Roy Moosa is another downtown landlord and owner of a share in the parking lot. He has invested in all his properties, like the Mission Theater, and refuses to rent or lease to businesses detrimental to downtown. He doesn't profit from the theater but operates it as a cornerstone to support downtown. He keeps his buildings well-painted and maintained, as does Mike Stromsoe. Both are willing to work with businesses that benefit downtown and are personally and financially invested. They prioritize downtown's interests, knowing it ultimately benefits their property values as well.

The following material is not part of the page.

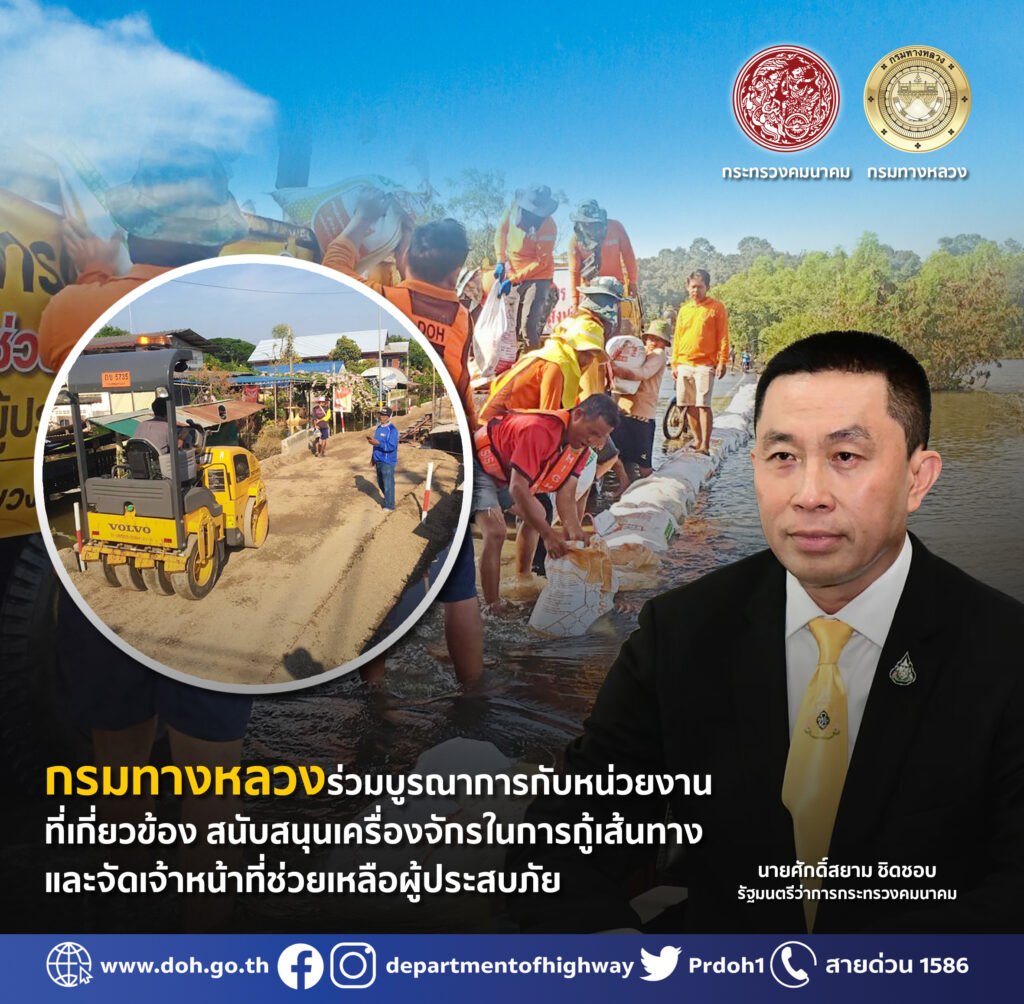 กรมทางหลวงร่วมบูรณาการกับหน่วยงาน สนับสนุนเครื่องจักรในการกู้เส้นทางและจัดเจ้าหน้าที่ช่วยเหลือผู้ประสบภัย

The parking lot issue before the Planning Group next week is significant for these seven landlords. As tenants of Mike Stromsoe, Village News has the right to use the large lot across the street, as do our customers. However, on days with events downtown or food handouts, finding space can be challenging, as the lot is often mistaken for public parking and there are yoga moms or Main Ave customers parked right in front of our building. So our customers, mostly seniors, can't park in front of our office (but we do love all the yoga moms and customers downtown!).

Currently, these seven property owners have a chance through the County's Revitalization Plan to change their century-old zoning, which limits their use to parking, horse stables, or dog kennels. The County supports this zoning change.

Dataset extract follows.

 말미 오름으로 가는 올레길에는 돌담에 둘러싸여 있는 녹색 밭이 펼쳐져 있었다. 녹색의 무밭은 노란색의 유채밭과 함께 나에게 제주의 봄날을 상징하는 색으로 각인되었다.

Yet, the Planning Group has rejected it, twice, fearing what the property owners might build and wanting assurance that we won't lose our valuable parking to low-income housing or an unsightly development.

This concern is understandable, but the Planning Group ultimately has the authority to approve or reject future proposals, and these invested property owners have long demonstrated their generosity and commitment to downtown for over 50 years.

Why not give them the opportunity they deserve for providing public parking at their own expense for decades? I believe we can trust that whatever they propose will include parking and likely something that further benefits downtown, given their investment.

If the Planning Group rejects their proposal next week, my business and customers will still have parking, but the lot could be closed to others, and I wouldn't blame the owners. Why should they bear the costs of maintenance, insurance, etc.? Especially if their historical generosity and concrete support for downtown aren't appreciated and acknowledged anyway?

I believe both the Planning Group and the property owners have Fallbrook's best interests at heart, and the most reasonable action now is to trust and collaborate with those who are genuinely invested.